Prophets and Popes
When asked to explain the differences that exist between the Roman Catholic and the Protestant churches, the papacy is often immediately brought to attention. In many conversations I have had, this comes across as a point of pride for Protestants who may see their denial of the papacy as an act of faithfulness to Christ as the head of the church. But what if this is actually an example of an oversight that has led to just the opposite? Perhaps the church is actually meant to fall under some kind of earthly authority established by God.
Throughout the history of God’s people, this has been the case. From the time of Moses to Samuel, God raised up judges to deliver his people from their enemies. Following the time of the judges, God anointed kings to govern and shepherd his people. Alongside the kings were prophets who authoritatively spoke on behalf of God into the community of God’s people. In the centre of all of this there was the high priest who represented the whole congregation of Israel and led them in liturgy and worship, fulfilling the requirements of the Law on their behalf.
God’s calling of people into positions of authority did not end with the opening of the New Testament. As the author of Hebrews explains, Christ now holds the office of the high priest—our mediator, representative, and the one who fulfills the requirements of the Law. It is true that we need no other mediator before God, but it begs the question of the place of the other positions of authority within the New Testament era. The scriptures attest that God continued to place his authority in the hands of humans following the coming of Christ. After the ascension and the coming of the Spirit at Pentecost, the reader of Acts is introduced to the apostles who have received authority over the church in a way quite similar to the prophets of the Old Testament. Within the Protestant wing of the church, we don’t often think in these terms. I would suggest that our unwillingness to recognize prophetic or apostolic authority may be a mistake.

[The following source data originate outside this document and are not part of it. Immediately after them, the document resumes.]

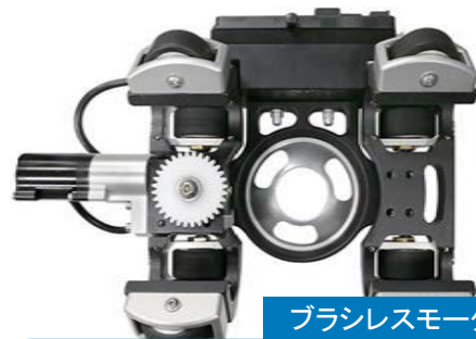
ブラシレスモーター

背面のモーターユニットにはブラシレスモーターを採用。電子回路内蔵により、速度制御や管理が可能。薄型軽量でトルク性能も安定しているため、カメラスライダーにとって最適な選択となっています。
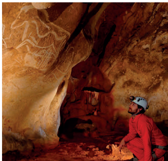
Figure 1 : Les œuvres pariétales de la Préhistoire nous laissent aussi un message à décrypter par-delà le temps, mais nous ne pouvons pas être sûrs que ces lointains artistes aient prévu de s'adresser à nous. Ainsi la grotte Chauvet, ornée il y a plus de 36.000 ans, brutalement fermée par un écoulement il y a plus de 21.000 ans et rouverte en 1994, constitue-t-elle de fait une capsule temporelle, même si telle n'était pas l'intention initiale.

C'est assez connu, les grottes offrent des conditions de préservation particulièrement exceptionnelles. Des stalagmites enregistrent les climats anciens, des formes d'érosion enregistrent le passage d'une rivière souterraine.
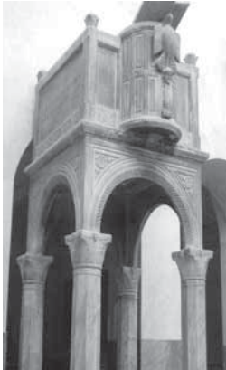
Fig. 1 - Canosa, Cattedrale. Ambone, opera di Acceptus

La "lavorazione della pietra" a Canosa affonda le radici sin nell'antichità ed è dimostrato diffusamente da ciò che rimane dei resti archeologici della città, superstiti e mute testimonianze della grandezza e del suo splendore, tanto da far esclamare all'abate Damadeno, nella spiegazione della famosa Tavola Bronzea: " Canusium fuit, et quod fuerit, sola memoria celebratur; Canusium fuit, et quod fuerit, ingentia ruinarum demonstrant ", per la memoria e le rovine imponenti di edifici, di statue mute, di iscrizioni e di monumenti realizzati durante i secoli dalle numerose maestranze, sotto l'attenta direzione di magistri e protomagistri canosini, rimasti però ignoti. Migliore fortuna ebbero, invece, alcuni scultori medievali che, avvalorando la perdurante tradizione artistica costruttiva e ornamentale "autoctona", hanno lasciato il segno indelebile della loro abilità, con una produzione che si colloca degnamente tra quelle rinomate della splendida fioritura edilizia ed artistica, dall'XI al XIV secolo, inserita nella corrente definita convenzionalmente: "Romanico pugliese". Si allude, soprattutto, al noto arcidiacono Acceptus , il maestro scultore a capo di una squa-
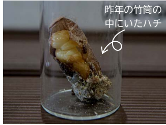
昨年の竹筒の中 にいたハチ

In the midst of great distaste for submission to other humans in authority, it is important to look to our past to discern if this distaste is valid, especially when it comes to authorities within the church. If God has continually shepherded his people through the care of other people, why are we often convinced that he works differently with us today? I wonder why we are often so quick to switch churches when we hear a different perspective from the pulpit. Or, why disagreements between a congregant and a leader often go unquestioned, or even applauded? I would argue that acts such as these grieve the Spirit by whom these leaders have been gifted and established in their various positions.
Perhaps we need to rethink our level of commitment and obedience to those who shepherd us. If the present shepherds of God’s people are indeed a continuation of the Old Testament prophetic office, this would require a major shift in our attitudes towards the leaders of the church. This would also pin a significant responsibility on these shepherds to communicate and lead as if they were leading and speaking on behalf of God—a theme used both by Peter in his first epistle, and by Paul in his address in Acts 20. Maybe we even need to reconsider whether there should be a centralized form of leadership within the church. It is interesting that this was one of the first changes made by the Latter-Day Saints at their conception. It seems like having a clear leadership structure centred on prophetic authority has been a key to the rapid expansion of the Latter-Day Saints Movement over the past 200 years.
Major Prophets students, my question for you is: Am I right? Does the Old Testament prophetic office continue today? If so, what does it look like? What kind of authority should our shepherds hold over us in light of the Old Testament prophets? What should our submission in doctrine and obedience look like in response to our shepherds? Should we have a centralized authority or body of authority similar to the Roman Catholic Church? Are prophets and apostles the same thing, or are there both prophets and apostles in the New Testament era? Is it right to lump our church leaders in with the apostles, or do they fill a separate office? Is all this talk of offices too dichotomistic? Should we instead speak of authority showing up in a variety of places within the church? How does the priesthood of all believers fit into this? Engage with any of these questions that you would like to. In your responses, demonstrate that you have done some research and interact with each other rather than simply sharing your own thoughts.